X
Business

Amazon wants you to run Windows 7 on its cloud with WorkSpaces

Virtual desktops have always been a tough sell in business, but now Amazon is giving it a try with its Amazon WorkSpaces. Can Amazon do for the virtual desktop what it already did for the cloud?
Written by Steven Vaughan-Nichols, Senior Contributing Editor

Amazon made the public Infrastructure-as-a-Service (IaaS) cloud a major force in business IT with its Amazon Web Services (AWS). Now, the retail giant is betting that it can do the same with its new virtual desktop offering: Amazon WorkSpaces.

amazon-workspaces-cartoon

Amazon is far from the first to explore the idea of the Desktop-as-a-Service in the cloud. Toshiba, Dell, and VMware are all giving it a try. None, however, have Amazon's cloud chops.

Here's how Amazon WorkSpaces will work. The service will offer you a choice of desktop service bundles providing different hardware and software options to meet your business's needs. Each bundle provides a Windows 7 like desktop based on the Windows Server 2008R2 using its Destkop Experience Role. These, in turn, run off AWS.

AmazonWorkSpacesBundles

With each bundle, Amazon provides the following programs: Adobe Reader, Internet Explorer 9, the latest version of Firefox, 7-Zip, Adobe Flash, and Java Runtime Environment (JRE). To this basic software package, you can also add your own software of choice.

Two of the bundles, Standard Plus and Performance Plus, also come with Microsoft Office Professional 2010 and Trend Micro Anti-Virus.

You'll be able to run these virtual desktops with the Amazon WorkSpaces client on both Windows and Mac computers. Amazon will also be providing clients for the iPad, Kindle Fire, and Android tablets. Amazon claims that the WorkSpaces Windows and Mac client will provide users with full access to their desktop and includes support for multiple monitors, audio, and video. With a Kindle Fire, or Android tablet, but not Apple's iPad, users can connect a keyboard or touch pad to have a laptop experience with their tablet WorkSpaces.

To secure these desktops, Amazon is using Teradici's proprietary PC over IP (PCoIP) protocol. On the cloud, PCoIP compresses, encrypts and rapidly transports image pixels to PCoIP end-user devices. The client then decompresses, decrypts and displays the image on a screen.

That sounds good, but in my experience, full graphic streaming virtual desktops tends to eat up bandwidth at an amazing rate. Amazon's data-center pipes may be able to handle the load, but you'll want to check carefully how your company's bandwidth does with the load before investing in technology.

Teradici claims that "Because the protocol transfers images only, in the form of pixel location information, no business information ever leaves the data center. In addition, because all software lies safely inside central systems, no one can tamper with service quality or introduce malware based on application infiltration. The PCoIP security module leverages the AES 256 and NSA Suite B cyphers, which meet the highest level of security required by governments."
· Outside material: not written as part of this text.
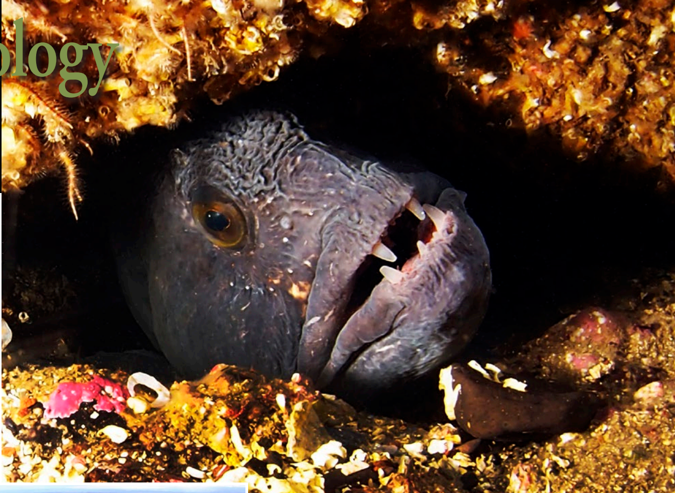
Wolffish, Anarhichas lupus (right); Spotted wolffish, Anarhichas minor , Nova Scotia, Canada (top far right); St Abbs Head National Nature Reserve in Scotland, UK (below); Juvenile spotted wolffish (centre)

To manage these desktops, Amazon enables you to use your existing Active Directory (AD). To make this happen, you'll need to set up an Amazon Virtual Private Cloud (VPC) with a hardware virtual private network (VPN) connection to your on-premises environment, or provision a dedicated connection with AWS Direct Connect. Once linked up, you use the  AWS Management Console to select the users in your Active Directory who will receive a WorkSpace. That done, you manage your WorkSpaces users with the same tools that you use to manage any other desktop in your organization, with full administrative control. For example, you can deploy software and apply AD Group Policies to your WorkSpaces users.

Amazon claims that their approach is more more affordable than traditional virtual desktop infrastructures (VD), such as those provided by Citrix and VMware. In a total cost of ownership scenario with a thousand users, Amazon estimates that a WorkSpaces customer would save 59 percent over an old-style VDI.

Will you try it? Steve O'Grady, analyst and co-founder of the RedMonk developer focused industry analyst firm, tweeted "VDI has basically been the Linux desktop of IT. I will be interested to see if Amazon can change that."  In other words, it's a solution that looks great financially and technically but never gains real market traction in the desktop.

So, do you think with Amazon's mighty cloud data-centers behind it, VDI will finally gain users? Or will this be just another niche VDI offering?